ModelBytes should grow its coverage gradually, with source quality improving over time instead of expanding through one-off guesses. This playbook defines how to find, evaluate, and add new model-release sources.

Goals

  • Find important model releases before they are already everywhere.
  • Prefer sources with stable identifiers, dates, authors, links, and enough metadata to filter.
  • Keep the daily digest selective.
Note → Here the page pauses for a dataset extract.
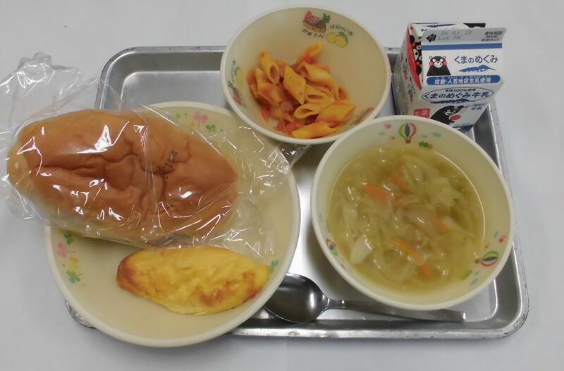 今日の献立は、ミルクパン、野菜スープ、冬トマトのペンネ、オムレツ、牛乳です。

More sources should improve recall, not lower taste.
  • Let the supervisor routine propose source growth, while keeping new fetcher logic behind PR review.

Source Types

Type Examples Why it helps Risk
Model catalogs OpenRouter, Hugging Face, Ollama-like registries Structured model metadata and links Can include a lot of low-signal entries
Lab/vendor release feeds Major lab blogs, changelog feeds, model cards High precision for primary announcements Many formats; may require per-site adapters
Community trend surfaces Trending repos, curated release lists, benchmark leaderboards Finds fast-moving community releases Can amplify hype or repeated fine-tunes
Paper/code indexes Research indexes with code/model links Catches research-first model drops Often lacks deployment-ready metadata
Regional ecosystems Non-US model hubs and provider catalogs Better global coverage APIs and language handling vary

Evaluation Rubric

A new source candidate should score well on most of these before implementation:

  • Freshness: exposes recent releases or last-modified ordering.
  • Stable IDs: provides a durable model slug, repo ID, or canonical URL.
  • Attribution: identifies the author, lab, org, or provider.
  • Metadata: includes tags, task type, license, context, pricing, downloads, likes, or dates.
  • Noise profile: has enough signal to filter fine-tunes, experiments, mirrors, and quant-only copies.
  • Access: works without secrets, or the required secret is low-risk and easy to rotate.
  • Operational fit: tolerates daily polling and has clear failure behavior.

Organic Growth Loop

  1. Observe misses

    • Compare recent Telegram posts, health logs, and curator notes against models that later prove important.
    • Track which misses were source gaps versus filter mistakes.
  2. Capture candidates

    • Record candidate source name, URL, source type, why it matters, likely metadata fields, and failure risks.
    • Prefer a small markdown queue before adding code, so candidates can accumulate and be ranked.
  3. Probe manually

    • Fetch a sample response.
    • Count how many entries survive current noise filters.
    • Identify whether the source needs a new fetcher or just a new org/family/provider entry.
  4. Add guardedly

    • Constants/list additions can be supervisor auto-commits when bootstrapped.
    • New fetchers, schema changes, auth, thresholds, and deletion decisions should be PRs.
    • Every new source needs at least one parser/filter test and one "empty/error response" test.
  5. Review after launch

    • Watch the next 3-5 digests for source-specific noise.
    • If a source produces repeated low-signal entries, tighten its fetcher or disable it.

Suggested Repo Shape

The current repo is still small enough to keep monitor.py as the core, but future source work should avoid making the file harder to reason about.

Good next steps:

  • Use docs/source-candidates.md as the supervisor-owned queue.
  • Add a lightweight SourceResult or logging summary so each run reports fetched, filtered, and emitted counts per source.
  • Move source-specific fetchers into a sources/ package once there are more than 5-6 fetchers.
  • Add fixtures under tests/fixtures/sources/ before larger parser work.

Candidate Backlog

These are categories to investigate, not approved implementations:

  • More direct provider feeds for labs and inference platforms already appearing in the digest.
  • Model hubs outside the current Hugging Face / Ollama / OpenRouter triangle.
  • Benchmark or leaderboard surfaces that expose newly submitted model IDs.
  • Research-release indexes where model cards or code links are part of the metadata.
  • Curated community feeds with a track record of catching open-weight releases early.

Each candidate should go through the rubric above before it becomes code.